## What the task asks
In the listing below, the lines starting with the line with "5. 中塗り: 屋根材を保護し、塗膜に厚みを持たせるための中塗りを行います。" and going on through the line with "ASOS EDITION - Sydney" are to be reproduced exactly, and only those.

## Listed entries
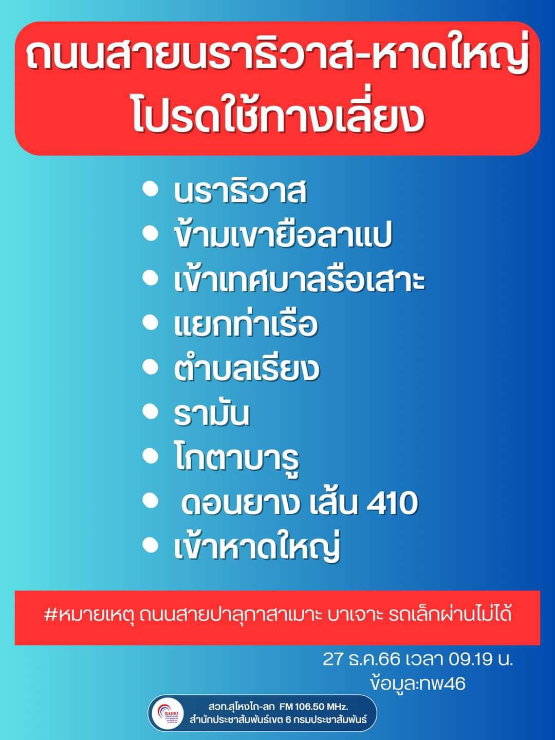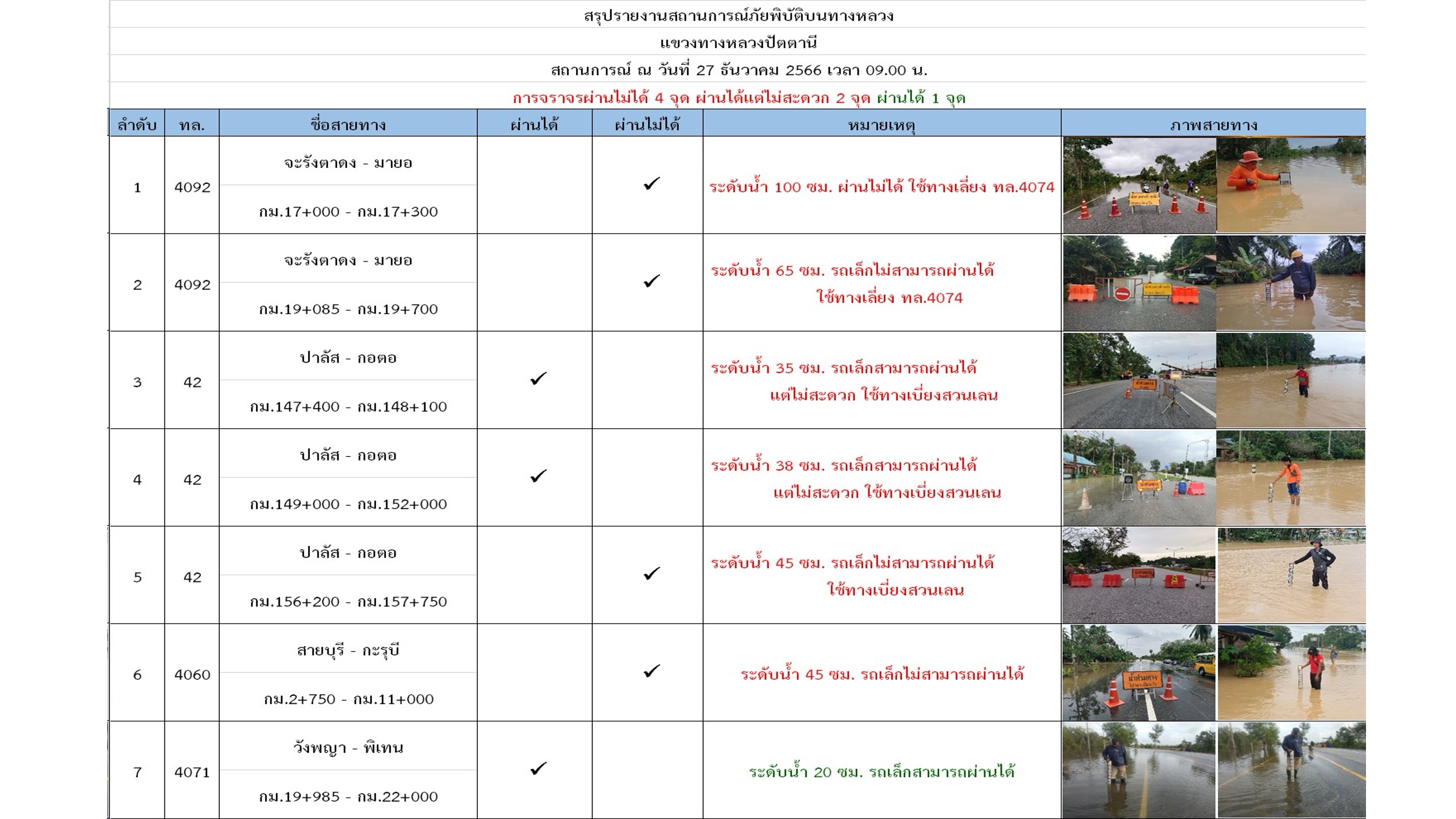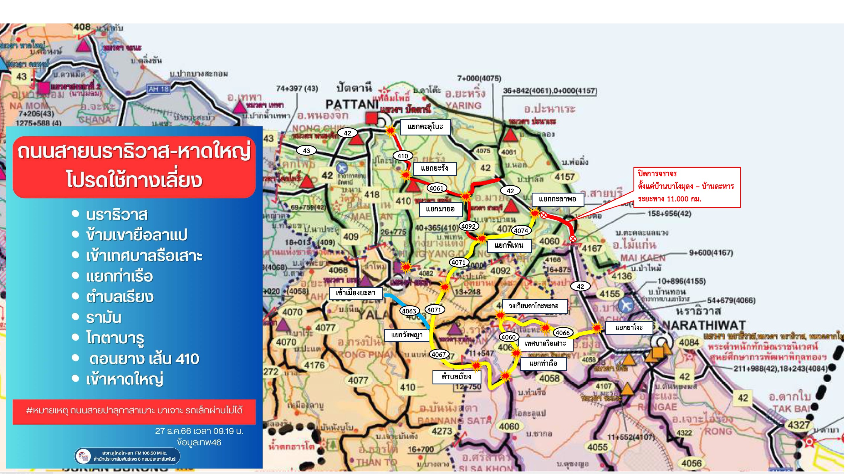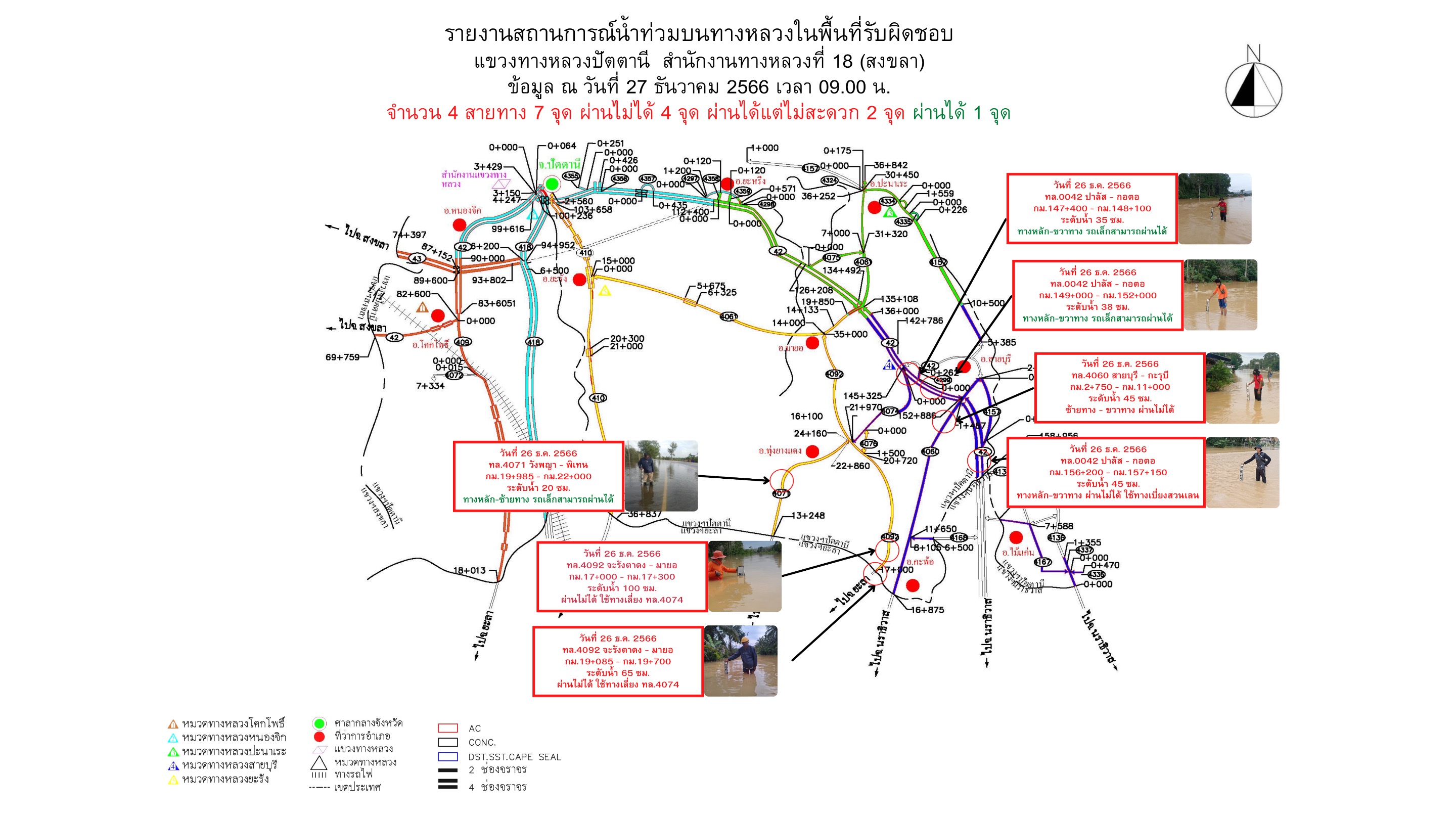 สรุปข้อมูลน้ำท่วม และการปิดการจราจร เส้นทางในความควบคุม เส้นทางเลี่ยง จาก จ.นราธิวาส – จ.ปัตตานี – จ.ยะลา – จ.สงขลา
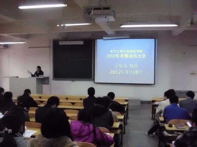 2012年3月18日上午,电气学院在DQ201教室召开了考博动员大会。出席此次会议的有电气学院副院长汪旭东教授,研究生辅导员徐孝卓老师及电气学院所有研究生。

==

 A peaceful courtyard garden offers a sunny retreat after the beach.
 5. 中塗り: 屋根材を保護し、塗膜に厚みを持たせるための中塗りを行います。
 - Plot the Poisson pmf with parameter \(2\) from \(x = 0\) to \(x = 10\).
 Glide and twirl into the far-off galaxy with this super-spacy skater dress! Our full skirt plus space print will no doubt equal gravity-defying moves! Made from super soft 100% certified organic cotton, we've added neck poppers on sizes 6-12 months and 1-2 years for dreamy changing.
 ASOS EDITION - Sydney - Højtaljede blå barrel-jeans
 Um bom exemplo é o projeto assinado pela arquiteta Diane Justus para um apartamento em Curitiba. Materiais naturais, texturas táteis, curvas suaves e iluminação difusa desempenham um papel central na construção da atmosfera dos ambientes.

## Expected answer
 5. 中塗り: 屋根材を保護し、塗膜に厚みを持たせるための中塗りを行います。
 - Plot the Poisson pmf with parameter \(2\) from \(x = 0\) to \(x = 10\).
 Glide and twirl into the far-off galaxy with this super-spacy skater dress! Our full skirt plus space print will no doubt equal gravity-defying moves! Made from super soft 100% certified organic cotton, we've added neck poppers on sizes 6-12 months and 1-2 years for dreamy changing.
 ASOS EDITION - Sydney - Højtaljede blå barrel-jeans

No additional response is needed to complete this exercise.